Making Yourself

What BBL post-op workout is best?

What workouts should you do to maintain your butt and stomach post-op?

If you’ve been working out prior to your procedure to build a solid foundation of muscle for your lipo’d fat to sit on and graft to, you’ll want to at least maintain that foundation. A well-built gluteus (buttock) muscle will help to create a round, proportionate shape once the transplanted fat has grafted and you’ve fully healed. Especially if it is matched with a slim waist achieved either from dieting, gyming, or from lipo – creating the coveted, pleasing-to-the-eye feminine hourglass figure.

You can help to achieve this with a range of glute – focused exercises both pre and post BBL procedure.

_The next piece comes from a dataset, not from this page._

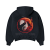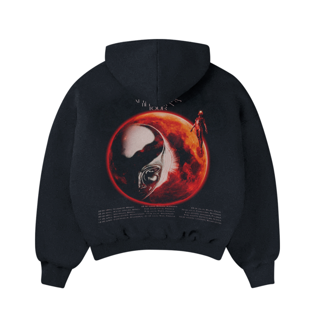 Hoodie con capucha de algodón premium de alto gramaje y silueta estructurada. Presenta un imponente gráfico estampado en la espalda protagonizado por un rostro cromado fusionado con una luna roja, acompañado por las fechas y la tipografía oficial del tour. Frente de diseño limpio y minimalista.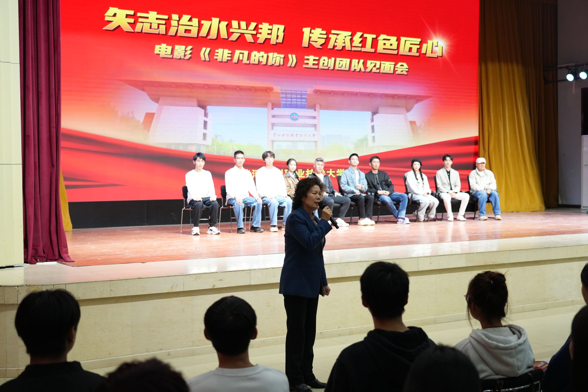 周保平在讲话中指出,学校始终牢记习近平总书记的殷殷嘱托,用心传承好红旗渠精神,坚持把学生精神品格的塑造放在育人工作重要位置,把“立德树人”根本任务落到实处,努力培养更多能扛住艰苦、担起使命的“非凡”水利人才。在学校高质量发展的征程中,一代代黄水人坚守攻坚克难的担当精神、精益求精的工匠精神和甘于奉献的家国情怀,以初心赴使命,以实干显担当。周保平代表学校向电影《非凡的你》主创团队表示诚挚感谢,她强调,主创团队将我校杰出校友吴祖泰的感人事迹搬上银幕,把一段深植于学校血脉中的感人故事,生动地呈现在师生面前,这不仅仅是一次艺术展现,更是一堂鲜活、深刻、极具影响力的“大思政课”,必将点燃师生的精神之火,汇聚成砥砺前行的磅礴力量。她号召全体师生以红旗渠精神为动力,以吴祖泰等杰出校友为榜样,在技能报国的征程中勇担使命,争做新时代卓越“答卷人”。

The 2 main excersizes include:

1) Squats and their variations (sissy squats, hack squats, alternate leg squats, pistol squats, etc) 

2) Deadlifts and their variations (straight-leg DL, sumo DL, trap-bar DL, wide-grip DL, etc)

These 2 will be the mainstays of your glute-based routines. There is so much variation in the exercise selection, and as they target such large muscles you have the capacity to focus an entire workout around them. Plus they require a lot of energy during the workout and during recovery, so these are also great exercises to really push at if you are trying to burn off some excess fat.

Plus there are other glute-focused exercises such as lunges, hip thrusts/glute-bridges, and these also have a range of variations.

Supporting musculature will also get some side-benefit, such as hamstrings and quad’s, plus these are also large muscles and benefit from focused workouts.

So once healed and recovered, and you have your Doc's green-light - hit the gym and hit those weights! The buttcks, quads and hammies love a hard n heavy workout! So don't be afraid to work them hard, and reap the benefits!